Aim of the task: Begin at the line that contains "이들 평가위원회의 2010년부터" and reproduce it along with every line after it to the end of the listing; skip any pictures.

Working data:
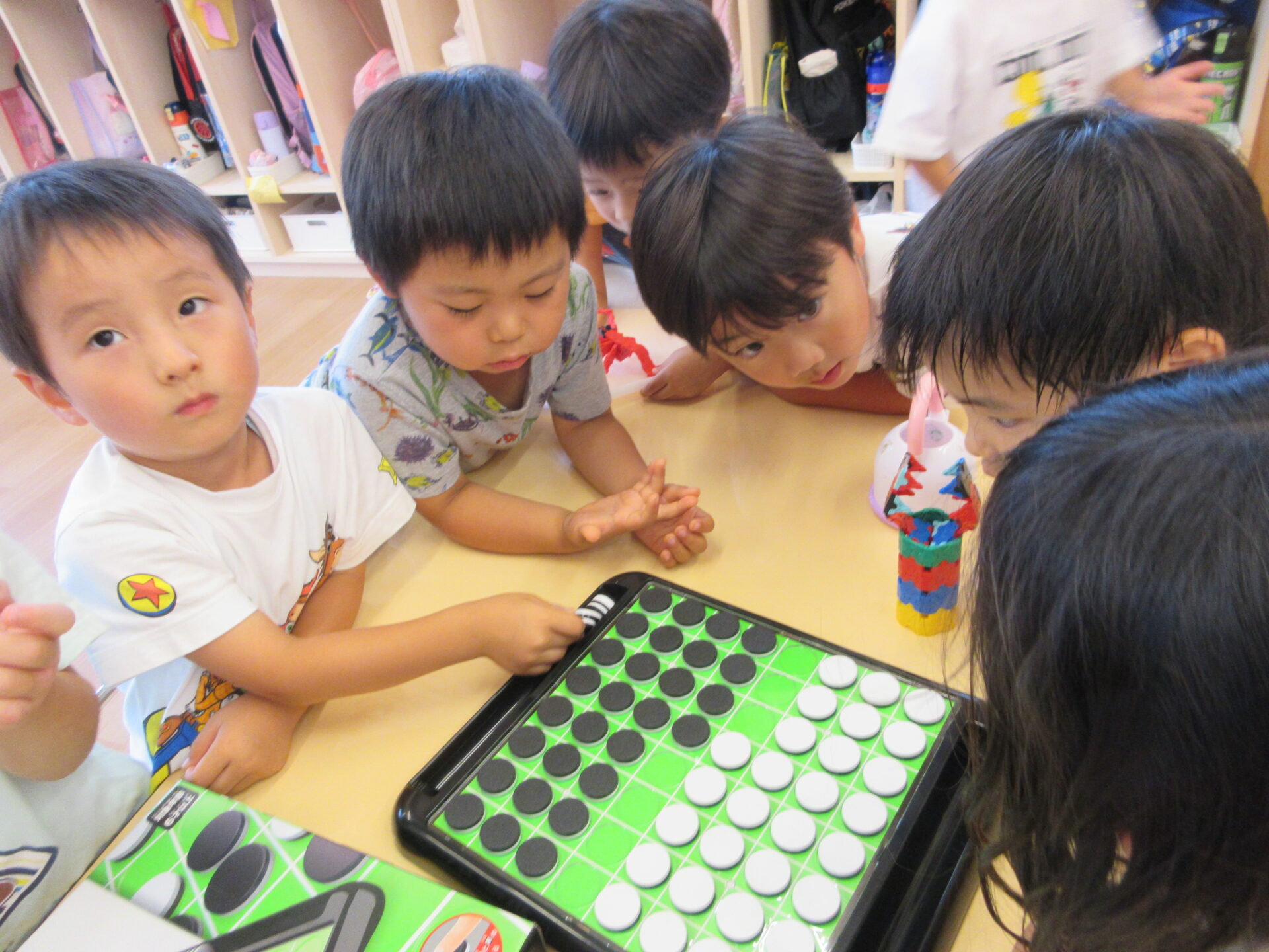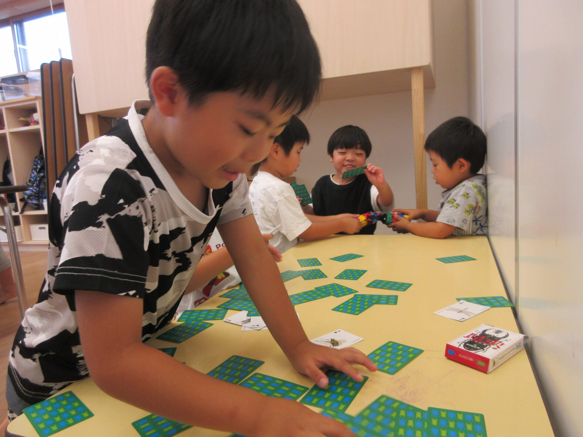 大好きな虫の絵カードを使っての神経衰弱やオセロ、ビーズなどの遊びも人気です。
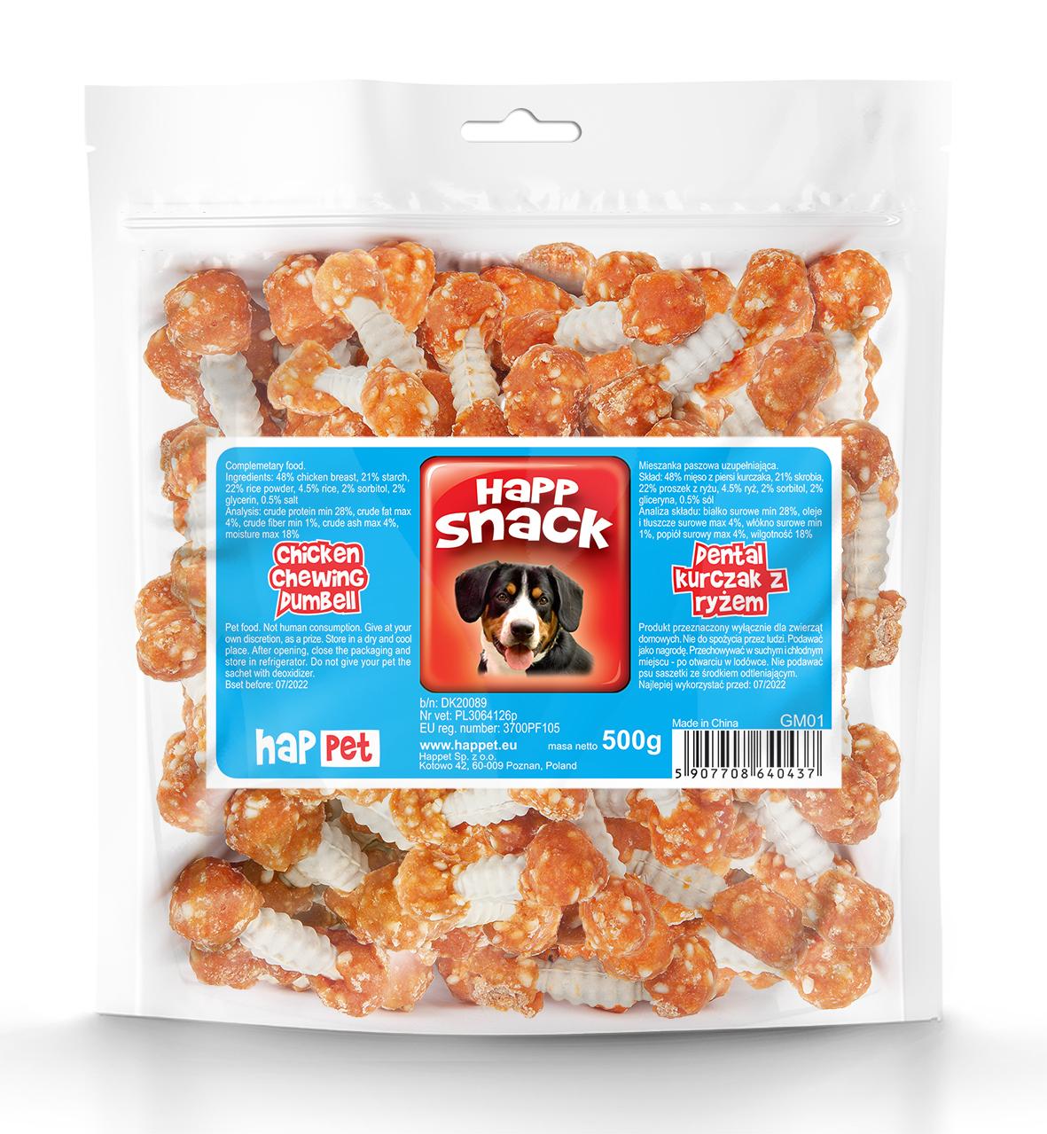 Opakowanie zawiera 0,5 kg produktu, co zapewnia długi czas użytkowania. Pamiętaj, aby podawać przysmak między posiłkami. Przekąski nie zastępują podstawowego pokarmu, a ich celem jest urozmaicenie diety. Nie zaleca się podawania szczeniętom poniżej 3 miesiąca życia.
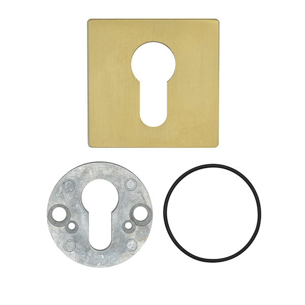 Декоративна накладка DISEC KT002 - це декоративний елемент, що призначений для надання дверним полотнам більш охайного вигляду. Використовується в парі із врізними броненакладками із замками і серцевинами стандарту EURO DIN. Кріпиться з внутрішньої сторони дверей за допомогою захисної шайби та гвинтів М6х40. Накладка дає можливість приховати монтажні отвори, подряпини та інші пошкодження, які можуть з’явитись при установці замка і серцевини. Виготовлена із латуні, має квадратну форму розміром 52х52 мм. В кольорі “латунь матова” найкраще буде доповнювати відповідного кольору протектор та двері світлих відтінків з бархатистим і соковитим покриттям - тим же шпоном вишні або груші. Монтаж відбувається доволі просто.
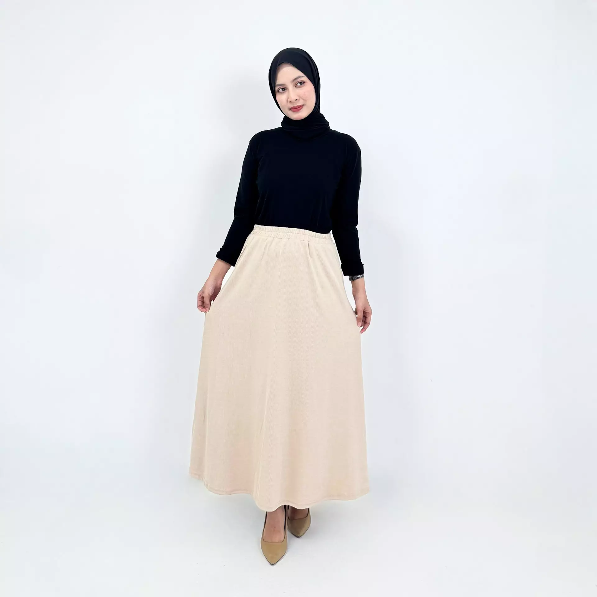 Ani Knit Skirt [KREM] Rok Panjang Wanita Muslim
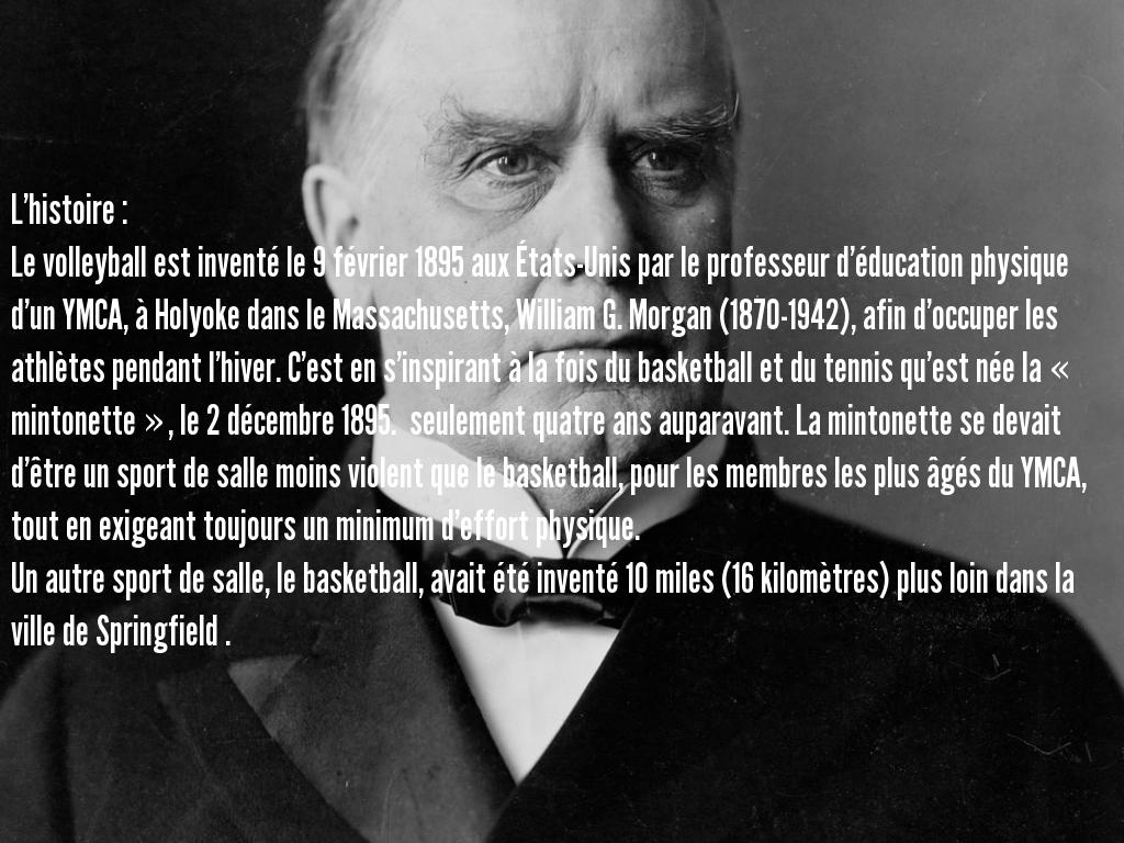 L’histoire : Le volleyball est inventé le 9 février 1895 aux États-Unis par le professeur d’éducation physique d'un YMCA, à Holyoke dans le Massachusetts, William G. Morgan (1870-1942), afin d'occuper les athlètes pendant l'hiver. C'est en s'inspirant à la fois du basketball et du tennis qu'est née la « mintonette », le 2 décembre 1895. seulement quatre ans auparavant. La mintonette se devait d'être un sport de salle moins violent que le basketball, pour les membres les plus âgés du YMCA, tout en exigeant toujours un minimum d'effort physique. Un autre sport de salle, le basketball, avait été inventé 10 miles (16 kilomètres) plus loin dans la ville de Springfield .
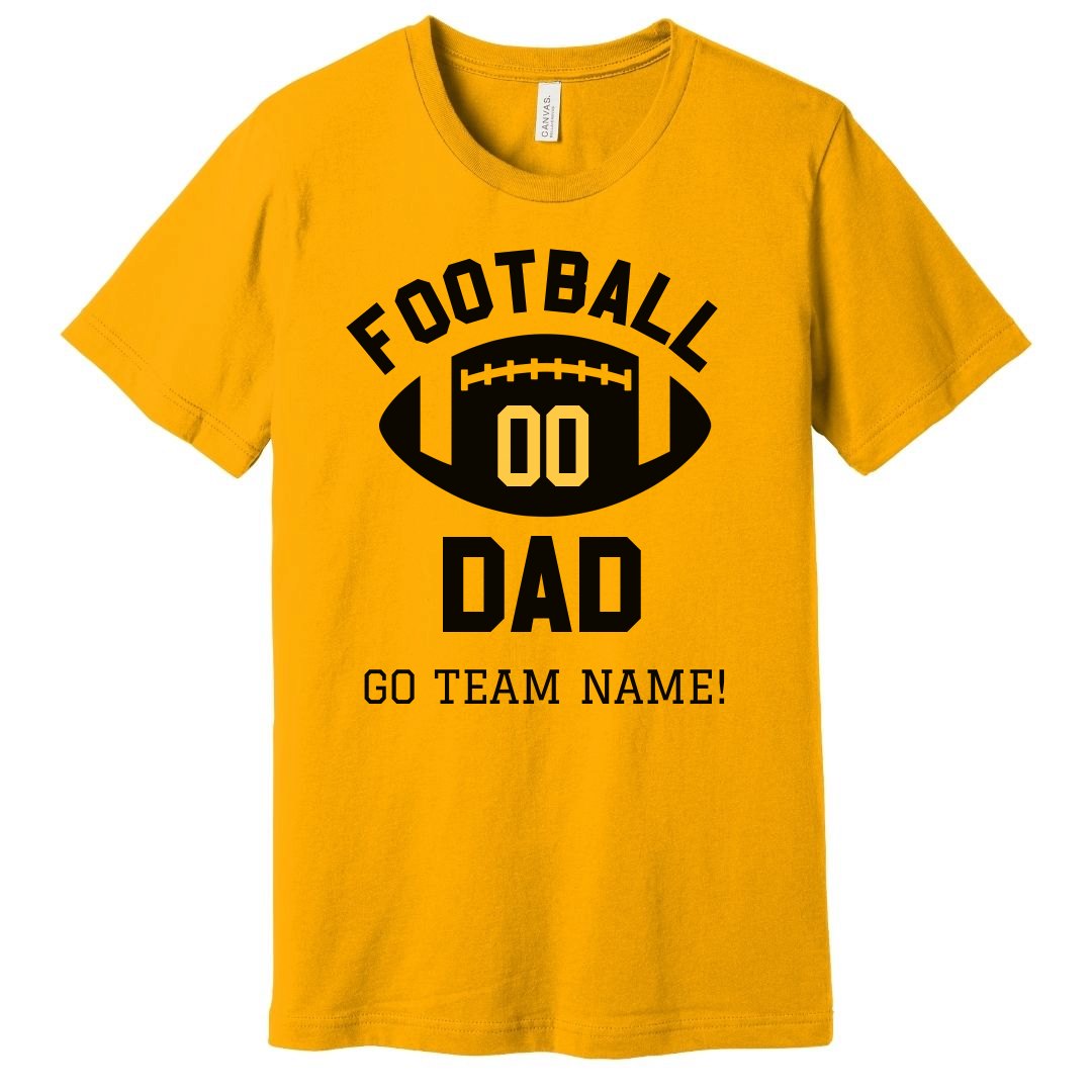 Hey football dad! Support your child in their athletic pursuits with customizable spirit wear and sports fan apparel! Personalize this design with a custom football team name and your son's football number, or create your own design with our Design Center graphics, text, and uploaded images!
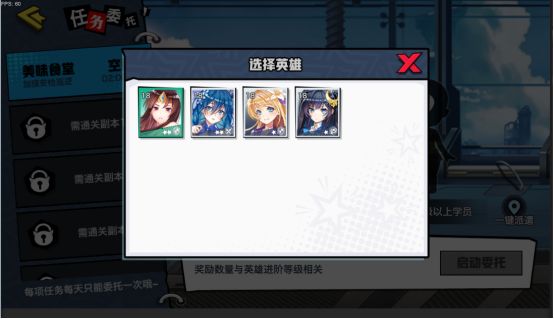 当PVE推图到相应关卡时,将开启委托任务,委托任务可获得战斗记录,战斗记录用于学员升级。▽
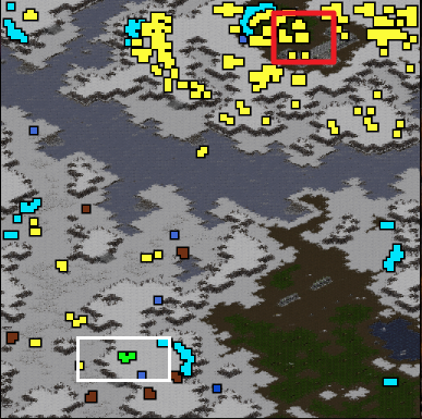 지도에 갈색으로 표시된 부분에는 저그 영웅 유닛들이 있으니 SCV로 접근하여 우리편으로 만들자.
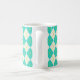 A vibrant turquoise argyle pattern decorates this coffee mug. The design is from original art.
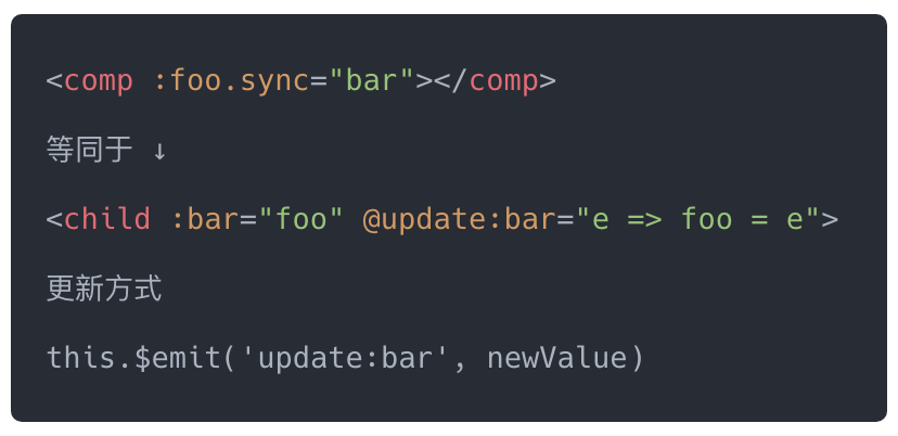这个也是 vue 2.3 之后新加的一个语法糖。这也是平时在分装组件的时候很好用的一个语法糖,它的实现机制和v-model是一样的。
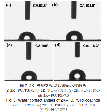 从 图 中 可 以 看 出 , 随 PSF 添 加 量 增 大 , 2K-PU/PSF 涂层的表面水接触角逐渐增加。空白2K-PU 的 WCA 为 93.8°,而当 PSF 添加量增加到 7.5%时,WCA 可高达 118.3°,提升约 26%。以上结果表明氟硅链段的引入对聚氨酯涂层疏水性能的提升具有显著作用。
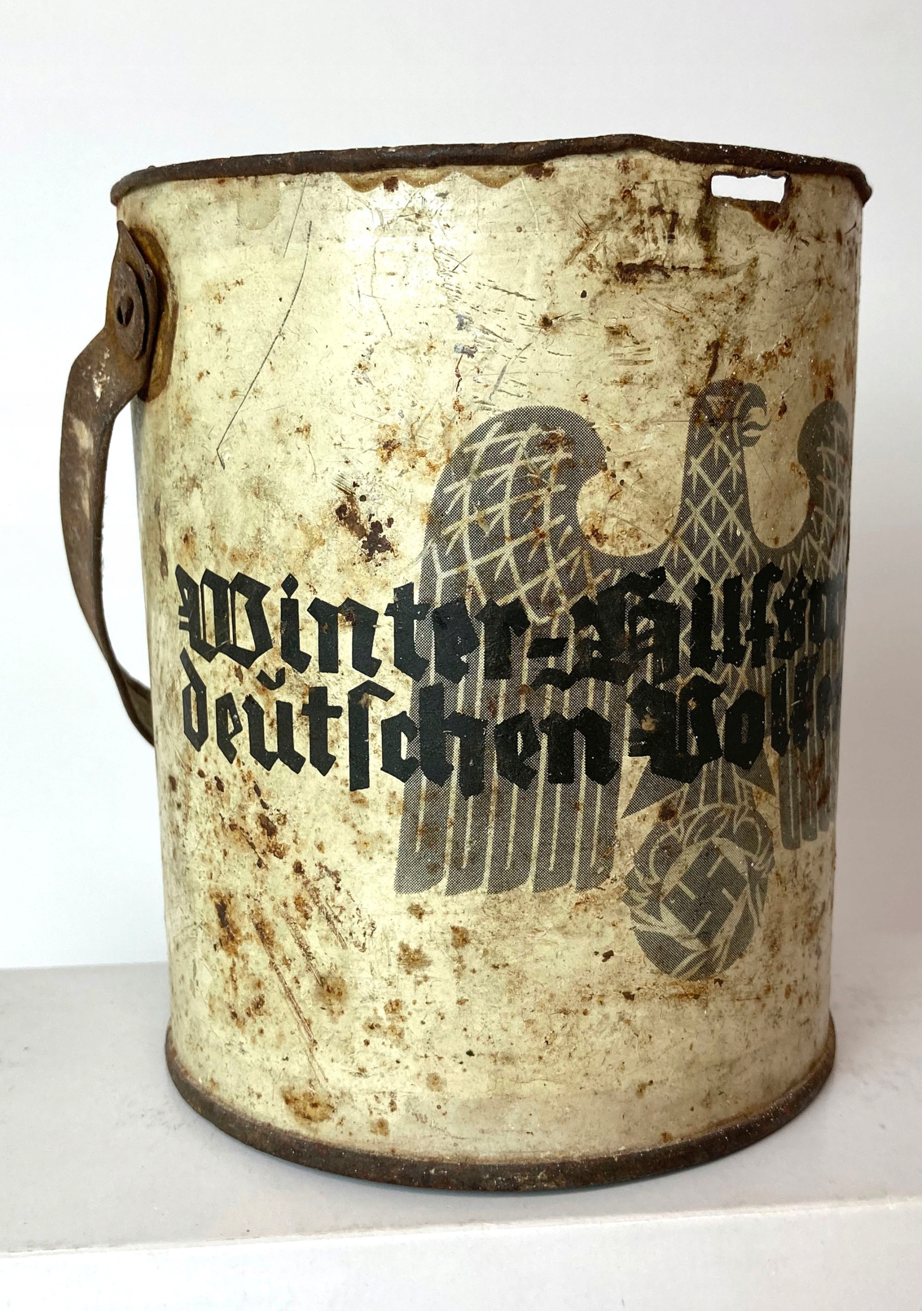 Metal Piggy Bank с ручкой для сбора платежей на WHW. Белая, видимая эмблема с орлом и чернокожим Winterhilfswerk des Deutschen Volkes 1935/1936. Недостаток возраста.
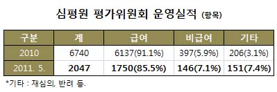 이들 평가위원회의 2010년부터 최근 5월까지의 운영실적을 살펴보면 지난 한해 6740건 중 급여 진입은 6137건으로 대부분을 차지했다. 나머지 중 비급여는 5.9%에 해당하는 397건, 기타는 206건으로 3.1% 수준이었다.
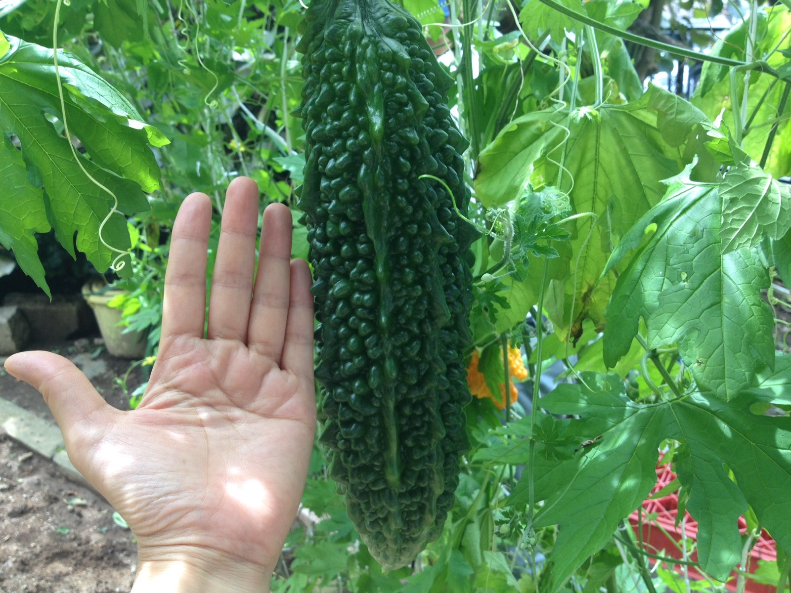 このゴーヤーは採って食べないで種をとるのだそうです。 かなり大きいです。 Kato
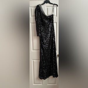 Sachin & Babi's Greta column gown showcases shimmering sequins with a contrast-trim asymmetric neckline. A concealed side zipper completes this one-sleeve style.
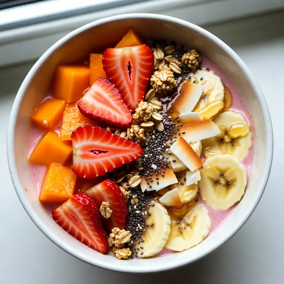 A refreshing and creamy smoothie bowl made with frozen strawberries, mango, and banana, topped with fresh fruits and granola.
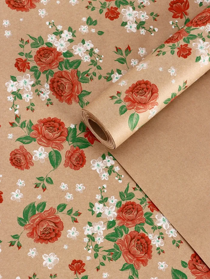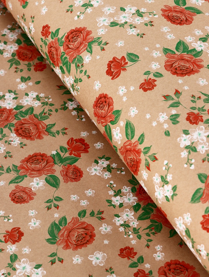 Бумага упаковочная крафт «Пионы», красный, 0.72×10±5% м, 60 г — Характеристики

Solved exercise:
 이들 평가위원회의 2010년부터 최근 5월까지의 운영실적을 살펴보면 지난 한해 6740건 중 급여 진입은 6137건으로 대부분을 차지했다. 나머지 중 비급여는 5.9%에 해당하는 397건, 기타는 206건으로 3.1% 수준이었다.
 このゴーヤーは採って食べないで種をとるのだそうです。 かなり大きいです。 Kato
 Sachin & Babi's Greta column gown showcases shimmering sequins with a contrast-trim asymmetric neckline. A concealed side zipper completes this one-sleeve style.
 A refreshing and creamy smoothie bowl made with frozen strawberries, mango, and banana, topped with fresh fruits and granola.
 Бумага упаковочная крафт «Пионы», красный, 0.72×10±5% м, 60 г — Характеристики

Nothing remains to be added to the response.